Lets crack a joke in this stress life
Last activity 05 November 2024 by Genuinsanity
819 Views
45 replies
Subscribe to the topic
Post new topic
Many of us struggle with stress–at work and in our personal life. Like any problem, stress requires a strategic approach to conquer, or at least manage. Stress is real, but we always have a choice–we can let it consume us or we learn to control it.
To help you in the fight
We need a joke
So friends come on lets share a joke or any funny things......
Lets do things differently funnily
Teacher : “Anyone who thinks they are stupid may stand up!”
Nobody stands up Teacher : “I'm sure there are some stupid students over here!!”
Little Johnny stands up* Teacher : “Ohh, Johnny you think you're stupid
Little Johnny : “No… i just feel bad that you're standing alone…”
Philosophy 101.
Instructor... ¨Johnny, state the difference
between ignorance and apathy.¨
Johnny... ¨I don't know and I don't care!¨
Did you hear about the manicurist that married the dentist?

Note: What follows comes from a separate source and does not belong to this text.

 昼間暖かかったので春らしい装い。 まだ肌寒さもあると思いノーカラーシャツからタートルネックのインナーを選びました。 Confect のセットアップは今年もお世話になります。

They fought tooth and nail.
A pirate walks into a bar with a paper towel on his head and orders a shot of whiskey. The bartender pours the shot while trying to discreetly peer at the paper towel. The bartender is not one to prod any of his customers about personal matters so he keeps quiet. After downing the first shot, the pirate orders another round. Now the bartender can't contain himself and finally musters to ask the pirate "I'm not one to ask in personal matters, but I have to ask, what in the heck are you doing with a paper towel on your head?" The pirate says "Aaargh, I've got a bounty on my head"

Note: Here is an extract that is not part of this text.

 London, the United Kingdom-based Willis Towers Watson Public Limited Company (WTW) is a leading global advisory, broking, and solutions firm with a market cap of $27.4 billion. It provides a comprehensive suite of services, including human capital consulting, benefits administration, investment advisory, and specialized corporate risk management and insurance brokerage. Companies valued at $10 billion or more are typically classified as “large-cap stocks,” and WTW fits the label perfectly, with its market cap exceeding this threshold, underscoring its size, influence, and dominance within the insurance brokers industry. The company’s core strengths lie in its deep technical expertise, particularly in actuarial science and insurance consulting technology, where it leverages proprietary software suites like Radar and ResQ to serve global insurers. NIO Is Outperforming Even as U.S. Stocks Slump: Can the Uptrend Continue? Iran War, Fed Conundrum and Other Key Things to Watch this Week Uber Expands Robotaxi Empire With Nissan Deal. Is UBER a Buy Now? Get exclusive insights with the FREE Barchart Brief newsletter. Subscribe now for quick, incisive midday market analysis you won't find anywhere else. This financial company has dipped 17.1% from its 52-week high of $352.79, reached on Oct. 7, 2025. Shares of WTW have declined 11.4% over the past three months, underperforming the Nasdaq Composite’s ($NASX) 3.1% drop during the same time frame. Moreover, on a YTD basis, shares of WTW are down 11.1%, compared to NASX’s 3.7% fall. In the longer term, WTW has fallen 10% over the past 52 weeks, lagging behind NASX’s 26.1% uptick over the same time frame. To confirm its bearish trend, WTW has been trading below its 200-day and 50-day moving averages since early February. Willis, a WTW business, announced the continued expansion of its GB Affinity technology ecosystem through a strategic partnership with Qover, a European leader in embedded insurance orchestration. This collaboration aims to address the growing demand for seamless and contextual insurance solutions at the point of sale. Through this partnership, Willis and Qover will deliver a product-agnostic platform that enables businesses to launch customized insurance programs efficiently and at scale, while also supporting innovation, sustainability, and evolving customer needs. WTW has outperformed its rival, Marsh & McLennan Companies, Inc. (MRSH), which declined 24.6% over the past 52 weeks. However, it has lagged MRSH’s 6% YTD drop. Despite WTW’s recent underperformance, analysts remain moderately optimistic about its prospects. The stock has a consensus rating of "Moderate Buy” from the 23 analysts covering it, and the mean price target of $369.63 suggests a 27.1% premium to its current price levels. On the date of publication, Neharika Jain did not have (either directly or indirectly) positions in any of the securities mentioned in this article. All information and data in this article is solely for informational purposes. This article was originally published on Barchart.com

At a party, a woman admonished her husband,
¨That's the fourth time you've gone back for
cake and ice cream! Doesn't that embarrass you...¨
The husband responded, ¨Not at all,
I keep telling them it's for you.¨
Two newborns were in adjacent cribs in the hospital nursery and one of the babies exclaims to the other "Guess what, I'm a baby boy". The other baby asks how he knows. The first baby lifts up his blanket and says "Look, blue booties!"
Riddle me this...
Who was bigger, Mrs. Bigger or her baby?
(Answer printed below.)
.
.
.
.
.
.
.
.
.
.
Answer...
The baby was a little Bigger.
"I may be stupid, but I'm not Irish"
--Joe Biden
Last Saturday night while I was sleeping, the ghost of Gloria Gaynor appeared at the foot of my bed.

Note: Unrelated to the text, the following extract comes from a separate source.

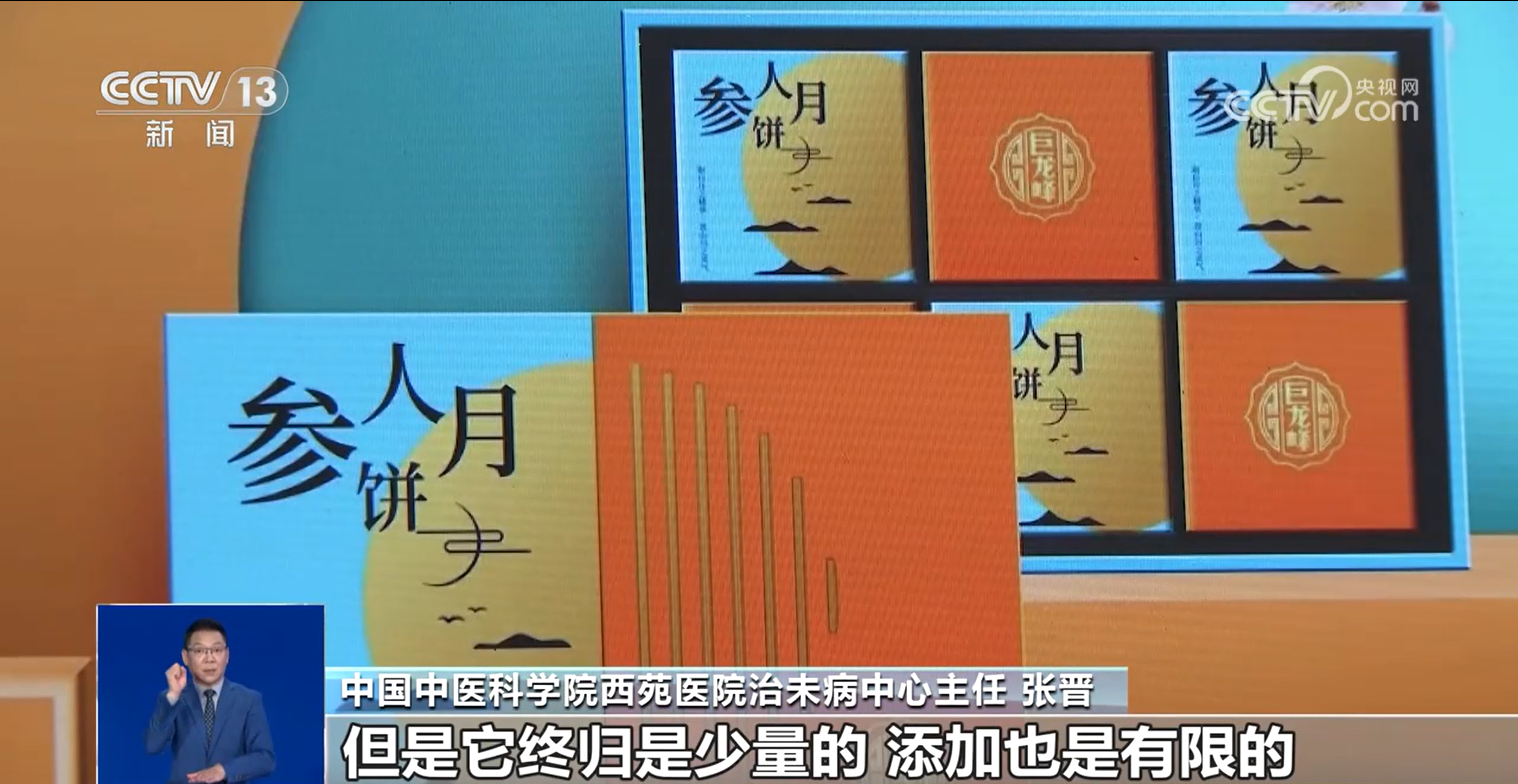 中國中醫科學(xué)院西苑醫院治未病中心主任 張晉:我們中醫講叫是藥三分毒,凡是比如說(shuō)天麻、人參,還有像紅花、三七這一些,它本身就是有比如說(shuō)補氣活血,還有補益肝腎的作用。我們的月餅它是一個(gè)普通的食品,如果我在家自己制作月餅,我們根據自己的體質(zhì)去選擇,我想放三七,然后放一點(diǎn)人參,或者放一點(diǎn)蟲(chóng)草或者放點(diǎn)天麻,我們因人而異是可以的,但是把這些藥材放到我們普通食品的月餅里面進(jìn)行銷(xiāo)售,這個(gè)大家就要謹慎選擇了。

At first I was afraid, then I was petrified.
What do you call a man with a rubber toe?
Roberto
A Mexican magician said he will disappear on the count of three:
"Uno"
"Dos"
POOF
He disappeared without a tres.
Keepin' it Kosher.
A rabbi saw the head of his congregation,
Schmuel, through a delicatessen window,
eating a ham sandwich.
The next week, the rabbi saw Schmuel
eating a beefsteak with dairy milk at the
same deli.
At Friday services, the rabbi called
Schmuel aside to talk.
¨Schmuel,¨the rabbi said, ¨last week
I saw you at the deli eating ham.¨
¨You saw that, rabbi,¨ Schmuel asked?
¨I did,¨said the rabbi, ¨and this week
I saw you having milk and meat.¨
¨You saw that, rabbi?¨ Schmuel asked.
¨Yes, I saw that too.¨
¨Well, then it's all right,¨said Schmuel.
¨It was under rabbinical supervision.¨
I once made the mistake of buying shoes from a drug dealer.
I'm not sure what he laced them with but I was tripping all day!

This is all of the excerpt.